◆ WORK REQUIRED ◆
Reproduce the entries word for word, and omit any picture you find in them.

(RECORDED INFORMATION begins)

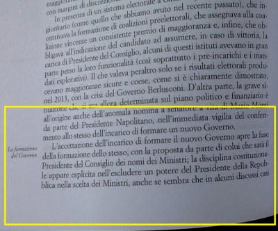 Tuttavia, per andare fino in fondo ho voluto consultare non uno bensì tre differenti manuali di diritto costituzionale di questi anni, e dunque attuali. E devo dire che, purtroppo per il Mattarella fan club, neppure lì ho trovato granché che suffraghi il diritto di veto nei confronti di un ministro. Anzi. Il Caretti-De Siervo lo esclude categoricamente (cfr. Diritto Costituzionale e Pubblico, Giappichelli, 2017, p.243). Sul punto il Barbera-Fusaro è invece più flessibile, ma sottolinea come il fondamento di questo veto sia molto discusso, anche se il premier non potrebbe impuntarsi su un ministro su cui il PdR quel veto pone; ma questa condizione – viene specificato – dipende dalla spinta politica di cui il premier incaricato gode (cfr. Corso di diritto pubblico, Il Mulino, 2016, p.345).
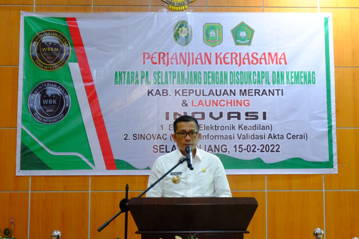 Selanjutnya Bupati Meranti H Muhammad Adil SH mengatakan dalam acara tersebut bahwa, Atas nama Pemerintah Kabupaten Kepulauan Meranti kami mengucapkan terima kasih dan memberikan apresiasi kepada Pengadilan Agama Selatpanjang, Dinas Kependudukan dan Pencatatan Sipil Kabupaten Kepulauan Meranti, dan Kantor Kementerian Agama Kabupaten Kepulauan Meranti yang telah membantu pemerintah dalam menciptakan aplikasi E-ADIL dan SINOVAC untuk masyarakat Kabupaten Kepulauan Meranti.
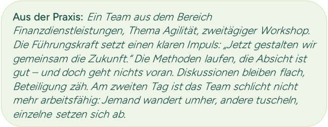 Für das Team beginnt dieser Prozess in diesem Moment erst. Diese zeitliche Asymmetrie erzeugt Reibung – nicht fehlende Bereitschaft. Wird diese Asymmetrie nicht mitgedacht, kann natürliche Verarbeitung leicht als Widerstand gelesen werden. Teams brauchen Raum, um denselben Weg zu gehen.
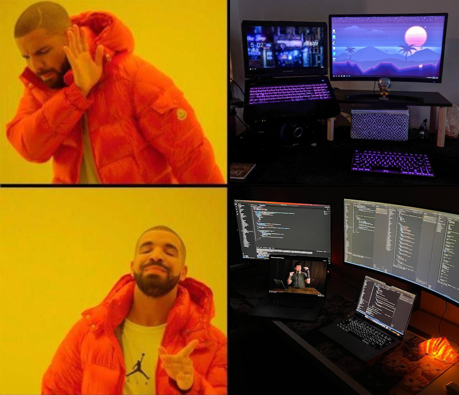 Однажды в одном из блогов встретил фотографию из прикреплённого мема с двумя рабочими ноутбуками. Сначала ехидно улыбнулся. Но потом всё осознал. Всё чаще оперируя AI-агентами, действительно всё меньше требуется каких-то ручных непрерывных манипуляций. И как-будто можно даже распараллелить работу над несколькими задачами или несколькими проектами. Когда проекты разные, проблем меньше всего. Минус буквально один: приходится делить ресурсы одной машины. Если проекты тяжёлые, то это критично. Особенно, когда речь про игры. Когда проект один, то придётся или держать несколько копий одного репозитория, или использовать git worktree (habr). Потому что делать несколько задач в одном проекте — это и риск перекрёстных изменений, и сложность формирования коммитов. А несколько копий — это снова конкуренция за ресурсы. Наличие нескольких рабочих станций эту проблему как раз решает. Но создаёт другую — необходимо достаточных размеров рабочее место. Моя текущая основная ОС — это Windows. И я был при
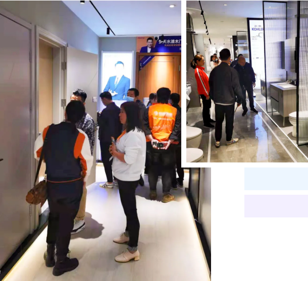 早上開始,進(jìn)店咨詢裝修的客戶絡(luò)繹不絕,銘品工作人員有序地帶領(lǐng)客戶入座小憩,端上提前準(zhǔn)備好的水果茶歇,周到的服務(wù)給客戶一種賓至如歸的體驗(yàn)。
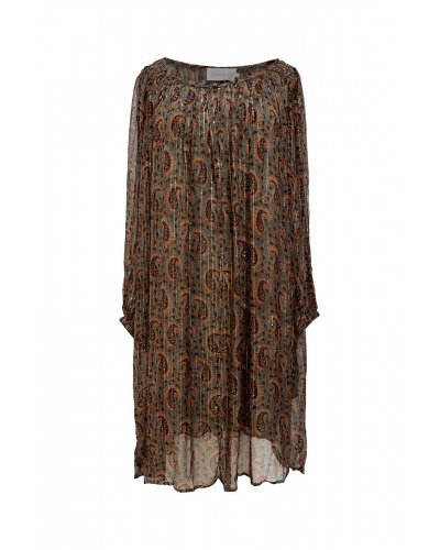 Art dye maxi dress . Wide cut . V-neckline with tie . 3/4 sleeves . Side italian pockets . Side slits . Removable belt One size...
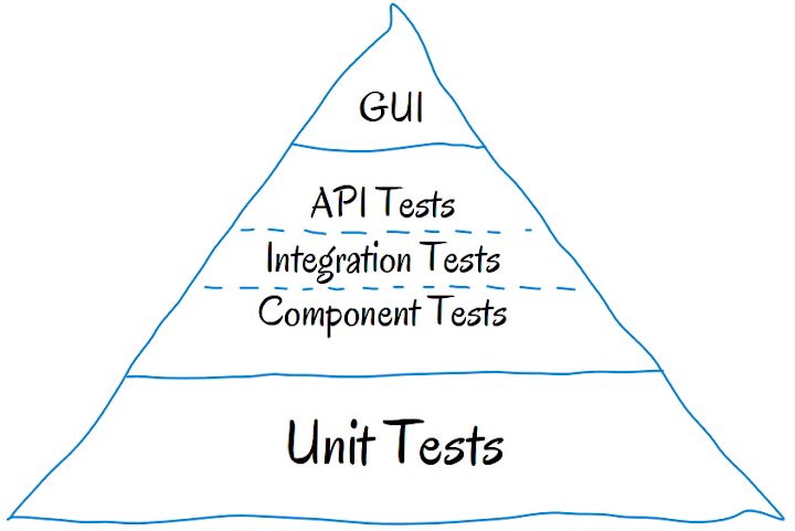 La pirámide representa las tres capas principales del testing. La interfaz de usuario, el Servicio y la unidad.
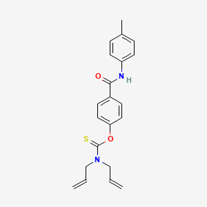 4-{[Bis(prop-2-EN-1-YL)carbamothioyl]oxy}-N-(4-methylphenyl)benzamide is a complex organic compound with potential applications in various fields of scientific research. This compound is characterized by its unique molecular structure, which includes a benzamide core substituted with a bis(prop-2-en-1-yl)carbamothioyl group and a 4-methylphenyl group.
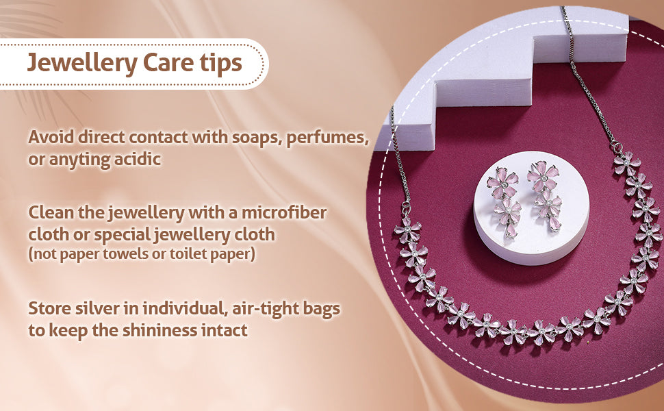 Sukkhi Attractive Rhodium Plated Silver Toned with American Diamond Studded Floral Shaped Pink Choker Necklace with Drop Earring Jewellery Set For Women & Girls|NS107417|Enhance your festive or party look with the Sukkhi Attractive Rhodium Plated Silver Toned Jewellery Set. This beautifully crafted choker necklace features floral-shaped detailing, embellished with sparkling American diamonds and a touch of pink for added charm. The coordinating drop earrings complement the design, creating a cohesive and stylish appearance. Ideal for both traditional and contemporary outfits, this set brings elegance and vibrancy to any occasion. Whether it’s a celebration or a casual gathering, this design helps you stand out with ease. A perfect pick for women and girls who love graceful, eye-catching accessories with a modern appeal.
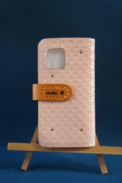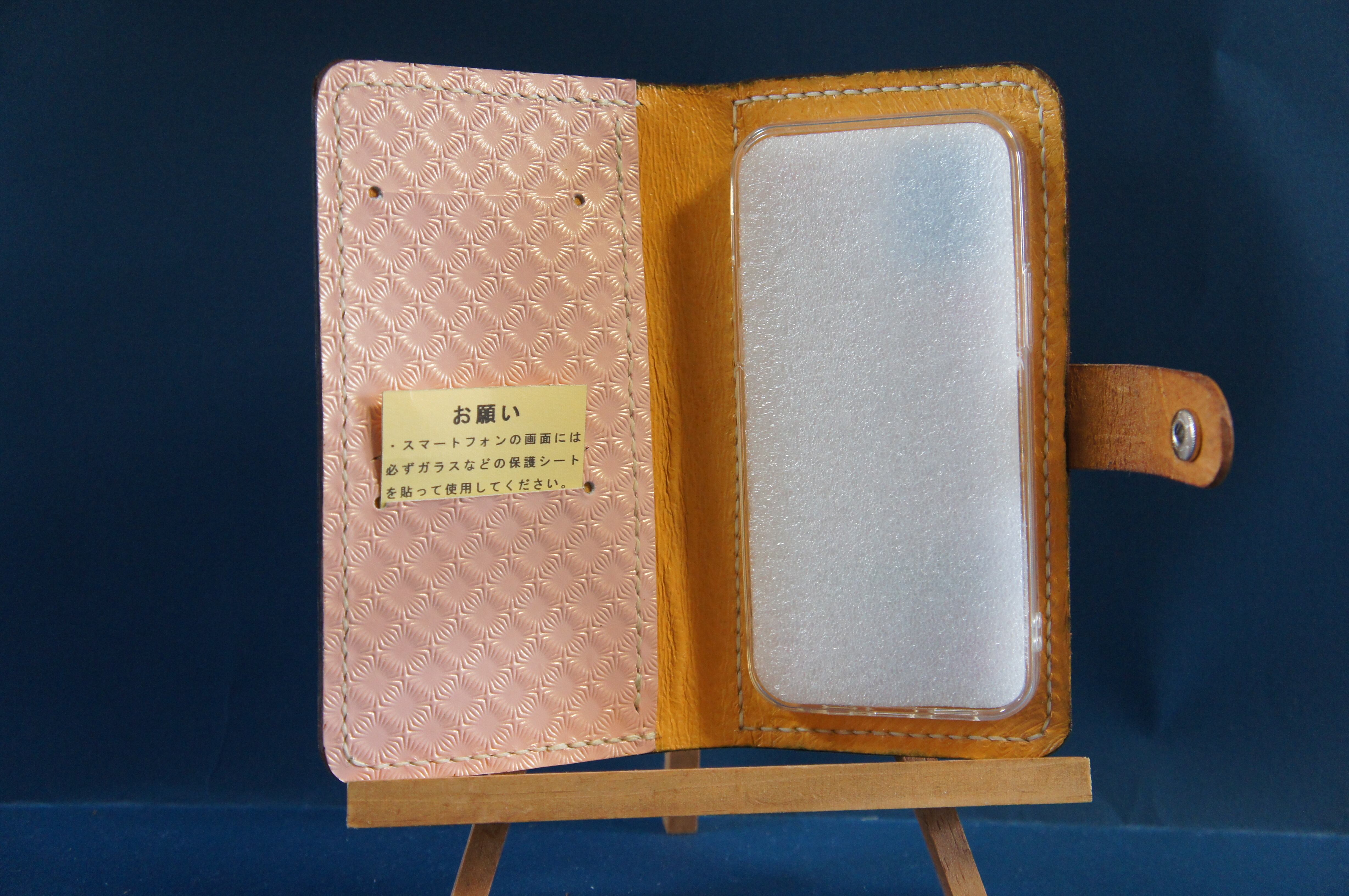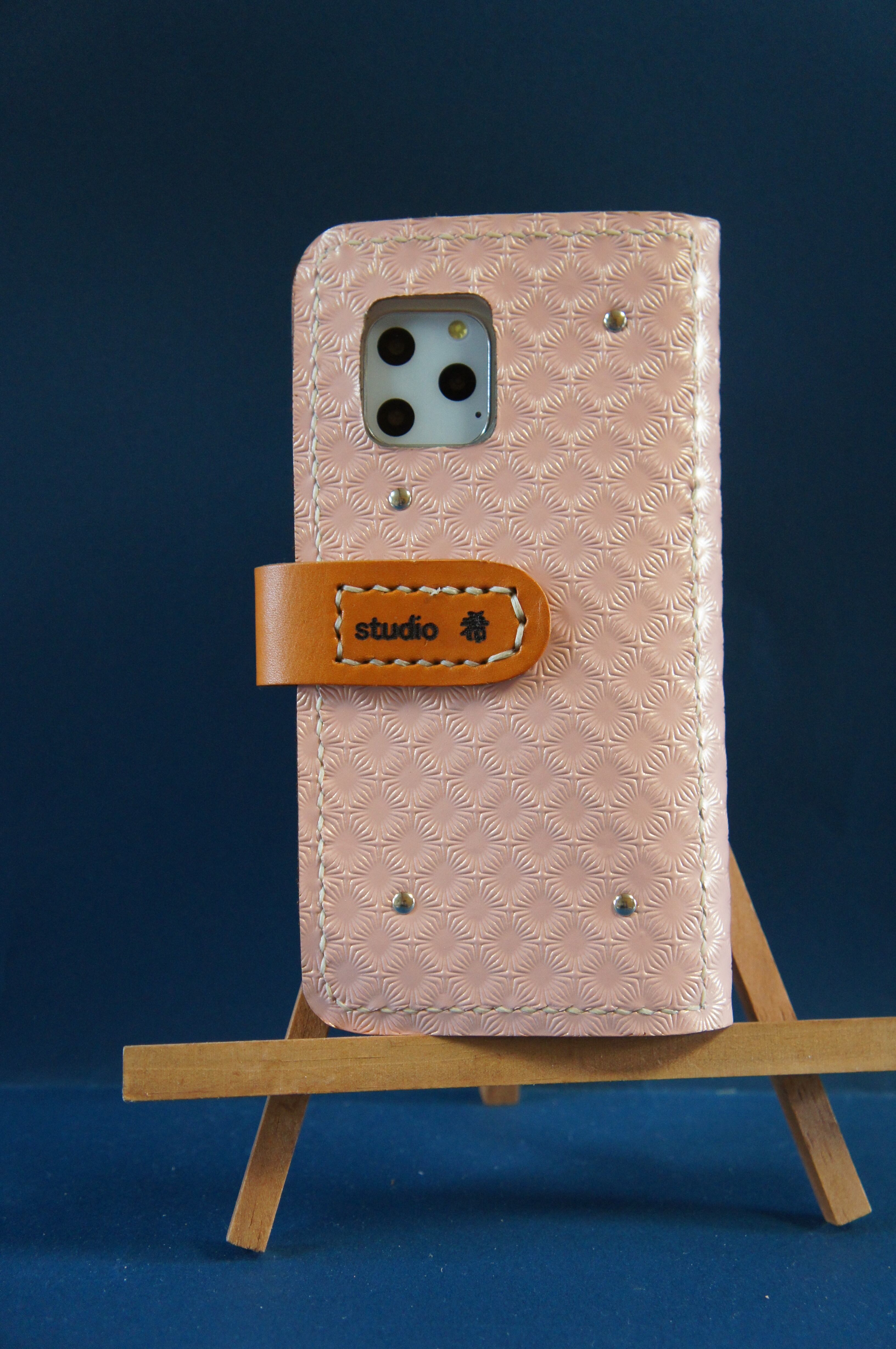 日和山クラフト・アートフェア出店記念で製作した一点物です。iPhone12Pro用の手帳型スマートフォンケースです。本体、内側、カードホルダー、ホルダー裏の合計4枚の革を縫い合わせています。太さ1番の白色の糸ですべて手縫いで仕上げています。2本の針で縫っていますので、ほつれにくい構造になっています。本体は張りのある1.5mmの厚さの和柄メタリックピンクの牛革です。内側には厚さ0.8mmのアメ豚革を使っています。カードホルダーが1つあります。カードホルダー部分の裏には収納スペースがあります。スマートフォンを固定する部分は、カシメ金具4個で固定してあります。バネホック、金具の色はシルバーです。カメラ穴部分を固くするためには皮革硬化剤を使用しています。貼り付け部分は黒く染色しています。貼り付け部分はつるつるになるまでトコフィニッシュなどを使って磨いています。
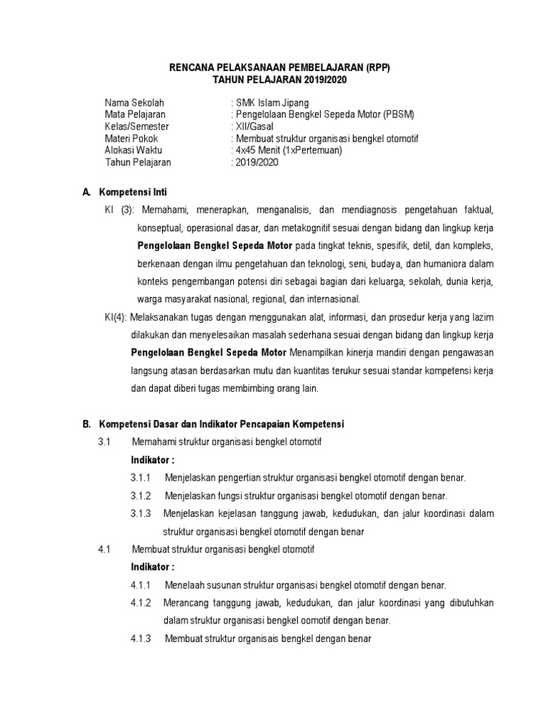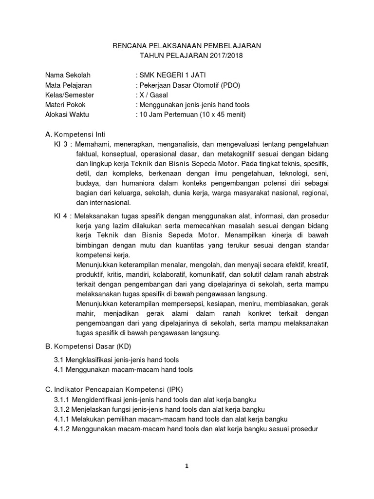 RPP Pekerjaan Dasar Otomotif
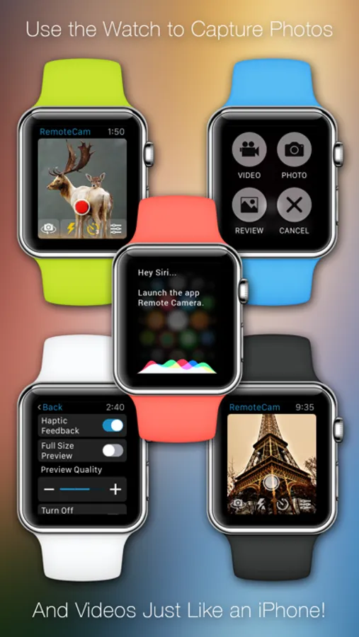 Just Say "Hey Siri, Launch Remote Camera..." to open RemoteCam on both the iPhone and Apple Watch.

(RECORDED INFORMATION ends)

◆ THE COMPLETED TASK ◆
 Tuttavia, per andare fino in fondo ho voluto consultare non uno bensì tre differenti manuali di diritto costituzionale di questi anni, e dunque attuali. E devo dire che, purtroppo per il Mattarella fan club, neppure lì ho trovato granché che suffraghi il diritto di veto nei confronti di un ministro. Anzi. Il Caretti-De Siervo lo esclude categoricamente (cfr. Diritto Costituzionale e Pubblico, Giappichelli, 2017, p.243). Sul punto il Barbera-Fusaro è invece più flessibile, ma sottolinea come il fondamento di questo veto sia molto discusso, anche se il premier non potrebbe impuntarsi su un ministro su cui il PdR quel veto pone; ma questa condizione – viene specificato – dipende dalla spinta politica di cui il premier incaricato gode (cfr. Corso di diritto pubblico, Il Mulino, 2016, p.345).
 Selanjutnya Bupati Meranti H Muhammad Adil SH mengatakan dalam acara tersebut bahwa, Atas nama Pemerintah Kabupaten Kepulauan Meranti kami mengucapkan terima kasih dan memberikan apresiasi kepada Pengadilan Agama Selatpanjang, Dinas Kependudukan dan Pencatatan Sipil Kabupaten Kepulauan Meranti, dan Kantor Kementerian Agama Kabupaten Kepulauan Meranti yang telah membantu pemerintah dalam menciptakan aplikasi E-ADIL dan SINOVAC untuk masyarakat Kabupaten Kepulauan Meranti.
 Für das Team beginnt dieser Prozess in diesem Moment erst. Diese zeitliche Asymmetrie erzeugt Reibung – nicht fehlende Bereitschaft. Wird diese Asymmetrie nicht mitgedacht, kann natürliche Verarbeitung leicht als Widerstand gelesen werden. Teams brauchen Raum, um denselben Weg zu gehen.
 Однажды в одном из блогов встретил фотографию из прикреплённого мема с двумя рабочими ноутбуками. Сначала ехидно улыбнулся. Но потом всё осознал. Всё чаще оперируя AI-агентами, действительно всё меньше требуется каких-то ручных непрерывных манипуляций. И как-будто можно даже распараллелить работу над несколькими задачами или несколькими проектами. Когда проекты разные, проблем меньше всего. Минус буквально один: приходится делить ресурсы одной машины. Если проекты тяжёлые, то это критично. Особенно, когда речь про игры. Когда проект один, то придётся или держать несколько копий одного репозитория, или использовать git worktree (habr). Потому что делать несколько задач в одном проекте — это и риск перекрёстных изменений, и сложность формирования коммитов. А несколько копий — это снова конкуренция за ресурсы. Наличие нескольких рабочих станций эту проблему как раз решает. Но создаёт другую — необходимо достаточных размеров рабочее место. Моя текущая основная ОС — это Windows. И я был при
 早上開始,進(jìn)店咨詢裝修的客戶絡(luò)繹不絕,銘品工作人員有序地帶領(lǐng)客戶入座小憩,端上提前準(zhǔn)備好的水果茶歇,周到的服務(wù)給客戶一種賓至如歸的體驗(yàn)。
 Art dye maxi dress . Wide cut . V-neckline with tie . 3/4 sleeves . Side italian pockets . Side slits . Removable belt One size...
 La pirámide representa las tres capas principales del testing. La interfaz de usuario, el Servicio y la unidad.
 4-{[Bis(prop-2-EN-1-YL)carbamothioyl]oxy}-N-(4-methylphenyl)benzamide is a complex organic compound with potential applications in various fields of scientific research. This compound is characterized by its unique molecular structure, which includes a benzamide core substituted with a bis(prop-2-en-1-yl)carbamothioyl group and a 4-methylphenyl group.
 Sukkhi Attractive Rhodium Plated Silver Toned with American Diamond Studded Floral Shaped Pink Choker Necklace with Drop Earring Jewellery Set For Women & Girls|NS107417|Enhance your festive or party look with the Sukkhi Attractive Rhodium Plated Silver Toned Jewellery Set. This beautifully crafted choker necklace features floral-shaped detailing, embellished with sparkling American diamonds and a touch of pink for added charm. The coordinating drop earrings complement the design, creating a cohesive and stylish appearance. Ideal for both traditional and contemporary outfits, this set brings elegance and vibrancy to any occasion. Whether it’s a celebration or a casual gathering, this design helps you stand out with ease. A perfect pick for women and girls who love graceful, eye-catching accessories with a modern appeal.
 日和山クラフト・アートフェア出店記念で製作した一点物です。iPhone12Pro用の手帳型スマートフォンケースです。本体、内側、カードホルダー、ホルダー裏の合計4枚の革を縫い合わせています。太さ1番の白色の糸ですべて手縫いで仕上げています。2本の針で縫っていますので、ほつれにくい構造になっています。本体は張りのある1.5mmの厚さの和柄メタリックピンクの牛革です。内側には厚さ0.8mmのアメ豚革を使っています。カードホルダーが1つあります。カードホルダー部分の裏には収納スペースがあります。スマートフォンを固定する部分は、カシメ金具4個で固定してあります。バネホック、金具の色はシルバーです。カメラ穴部分を固くするためには皮革硬化剤を使用しています。貼り付け部分は黒く染色しています。貼り付け部分はつるつるになるまでトコフィニッシュなどを使って磨いています。
 RPP Pekerjaan Dasar Otomotif
 Just Say "Hey Siri, Launch Remote Camera..." to open RemoteCam on both the iPhone and Apple Watch.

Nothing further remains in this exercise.